[RECORDS SUPPLIED]

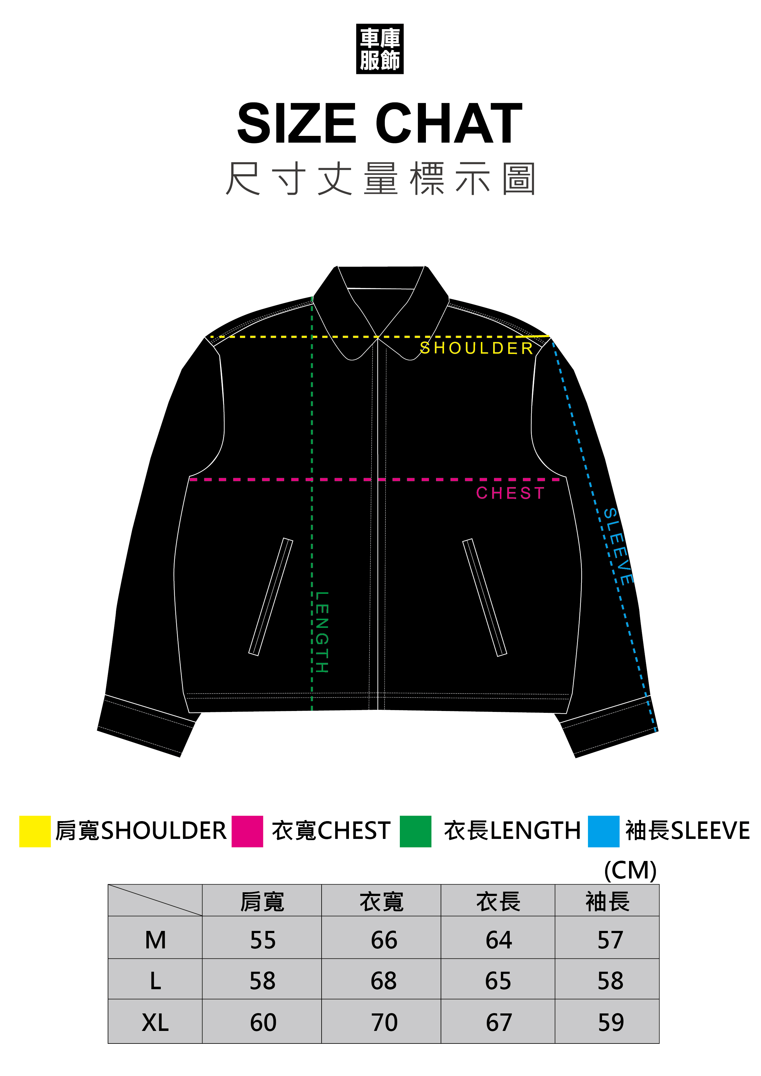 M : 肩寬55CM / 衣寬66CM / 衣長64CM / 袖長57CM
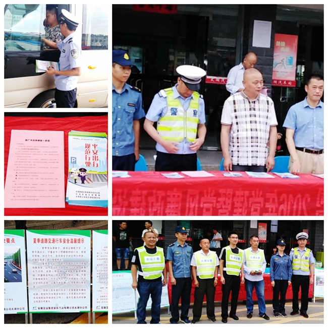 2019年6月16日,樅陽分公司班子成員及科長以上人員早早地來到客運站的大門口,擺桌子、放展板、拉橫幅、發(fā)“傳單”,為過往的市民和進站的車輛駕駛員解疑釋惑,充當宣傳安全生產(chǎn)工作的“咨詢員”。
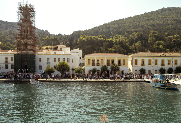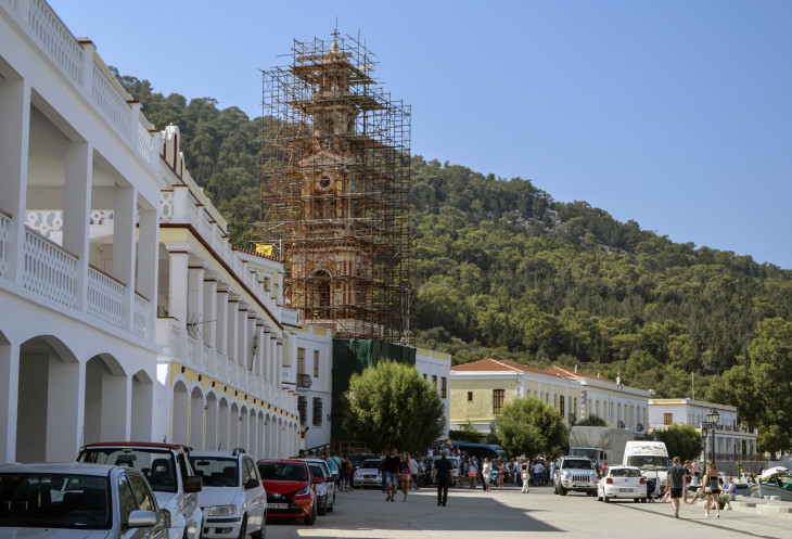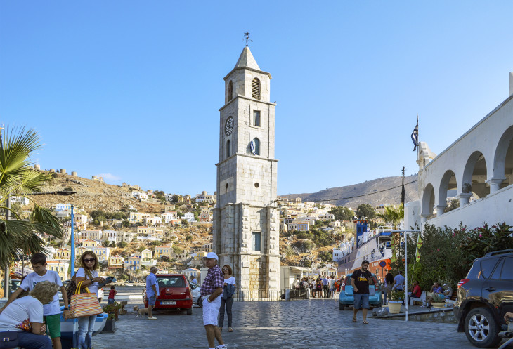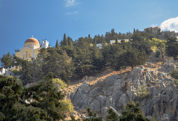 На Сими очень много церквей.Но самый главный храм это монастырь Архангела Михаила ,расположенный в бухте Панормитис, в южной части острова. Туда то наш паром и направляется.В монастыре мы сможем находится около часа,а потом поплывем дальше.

[/RECORDS SUPPLIED]
[RECORDS SUPPLIED]

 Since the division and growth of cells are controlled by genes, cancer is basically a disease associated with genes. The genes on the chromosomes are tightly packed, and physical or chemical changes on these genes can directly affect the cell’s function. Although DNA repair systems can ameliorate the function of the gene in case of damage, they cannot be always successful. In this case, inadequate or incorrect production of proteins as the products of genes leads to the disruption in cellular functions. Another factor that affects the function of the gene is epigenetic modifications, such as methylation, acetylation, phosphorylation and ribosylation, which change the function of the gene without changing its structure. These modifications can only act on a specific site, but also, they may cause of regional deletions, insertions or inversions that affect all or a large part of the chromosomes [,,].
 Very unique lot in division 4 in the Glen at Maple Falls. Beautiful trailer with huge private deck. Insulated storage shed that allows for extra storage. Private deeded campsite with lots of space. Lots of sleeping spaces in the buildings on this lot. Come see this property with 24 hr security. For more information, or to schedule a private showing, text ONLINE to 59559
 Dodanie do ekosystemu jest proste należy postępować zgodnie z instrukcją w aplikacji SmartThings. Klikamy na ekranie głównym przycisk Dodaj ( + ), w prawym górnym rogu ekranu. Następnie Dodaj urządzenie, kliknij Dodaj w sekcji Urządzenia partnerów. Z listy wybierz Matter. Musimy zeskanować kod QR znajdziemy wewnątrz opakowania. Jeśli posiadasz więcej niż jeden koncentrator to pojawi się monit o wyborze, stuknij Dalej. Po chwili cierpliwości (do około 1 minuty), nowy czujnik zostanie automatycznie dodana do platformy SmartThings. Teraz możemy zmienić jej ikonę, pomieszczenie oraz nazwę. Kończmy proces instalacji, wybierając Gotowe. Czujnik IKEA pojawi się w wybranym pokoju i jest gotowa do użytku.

[/RECORDS SUPPLIED]
[RECORDS SUPPLIED]

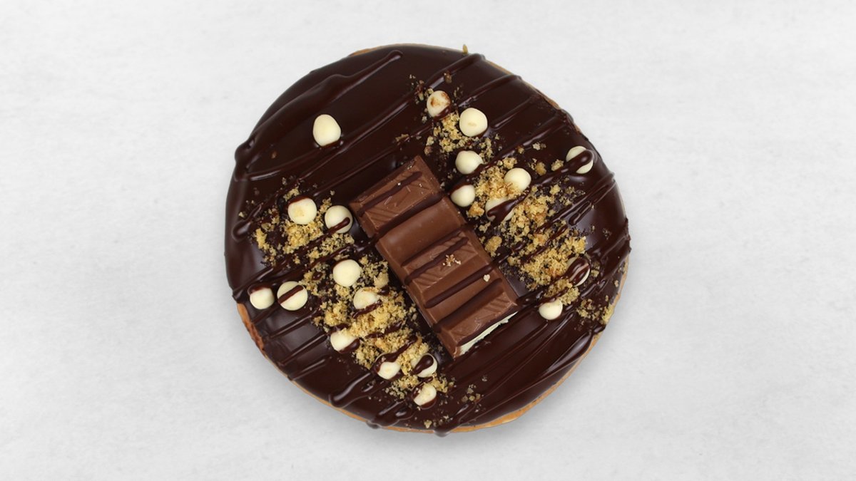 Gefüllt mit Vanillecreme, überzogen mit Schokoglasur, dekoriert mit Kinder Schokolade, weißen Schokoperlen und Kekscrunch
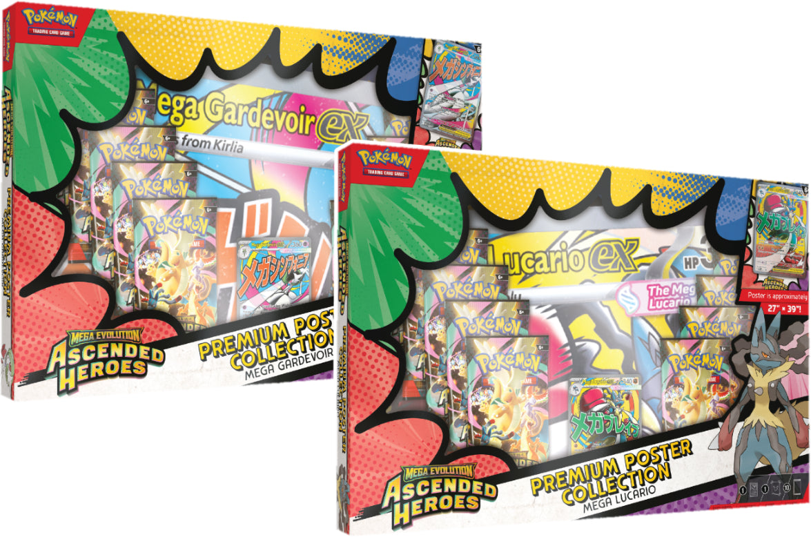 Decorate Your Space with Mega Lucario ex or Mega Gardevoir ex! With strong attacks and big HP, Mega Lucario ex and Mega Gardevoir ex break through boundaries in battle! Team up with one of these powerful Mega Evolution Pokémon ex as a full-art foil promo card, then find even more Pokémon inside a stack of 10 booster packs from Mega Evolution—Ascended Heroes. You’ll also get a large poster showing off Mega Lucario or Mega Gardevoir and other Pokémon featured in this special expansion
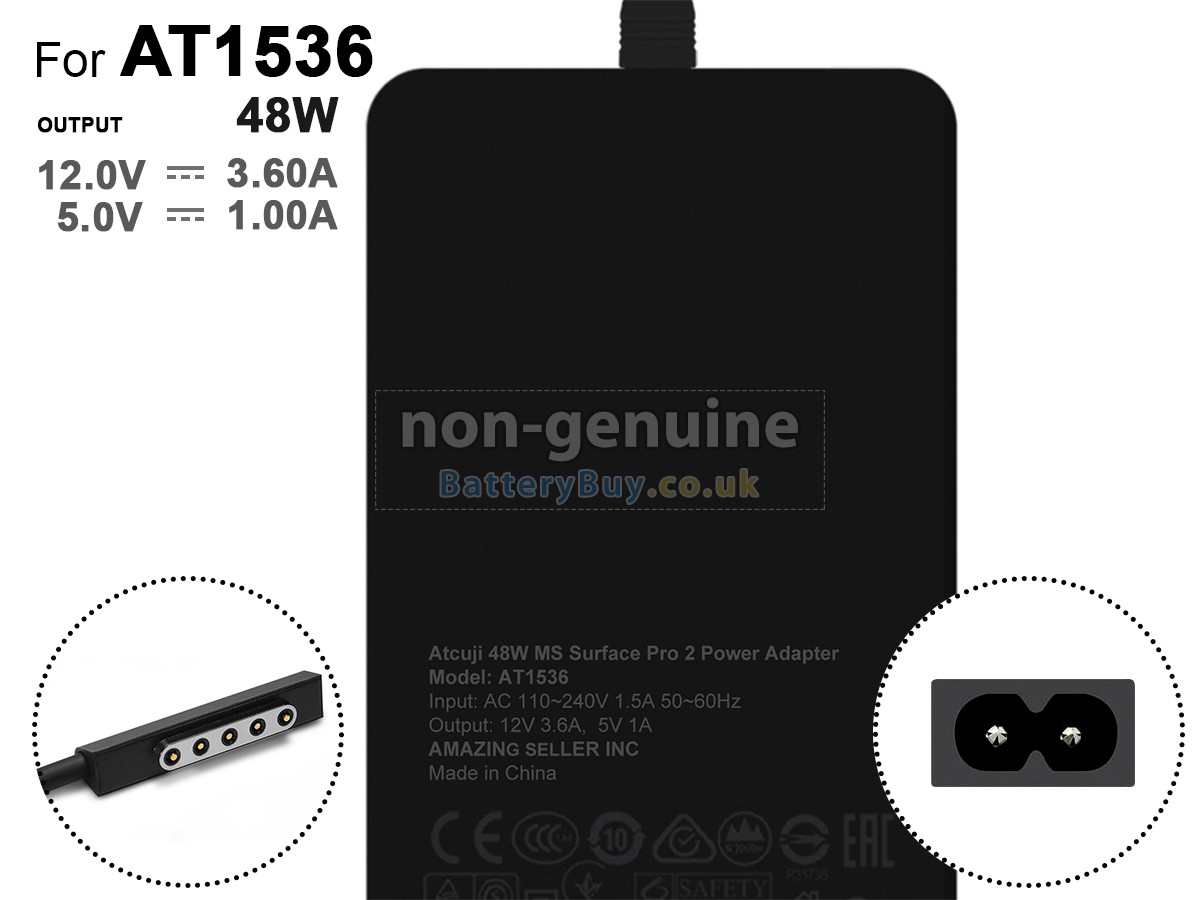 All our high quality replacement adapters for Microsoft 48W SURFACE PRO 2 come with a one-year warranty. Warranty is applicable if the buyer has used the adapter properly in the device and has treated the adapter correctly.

[/RECORDS SUPPLIED]

# YOUR TASK:
Between and including the line with "2019年6月16日,樅陽分" and the line with "На Сими очень", repeat every line exactly as it appears above, with pictures left out.

# ANSWER BOX:
 2019年6月16日,樅陽分公司班子成員及科長以上人員早早地來到客運站的大門口,擺桌子、放展板、拉橫幅、發(fā)“傳單”,為過往的市民和進站的車輛駕駛員解疑釋惑,充當宣傳安全生產(chǎn)工作的“咨詢員”。
 На Сими очень много церквей.Но самый главный храм это монастырь Архангела Михаила ,расположенный в бухте Панормитис, в южной части острова. Туда то наш паром и направляется.В монастыре мы сможем находится около часа,а потом поплывем дальше.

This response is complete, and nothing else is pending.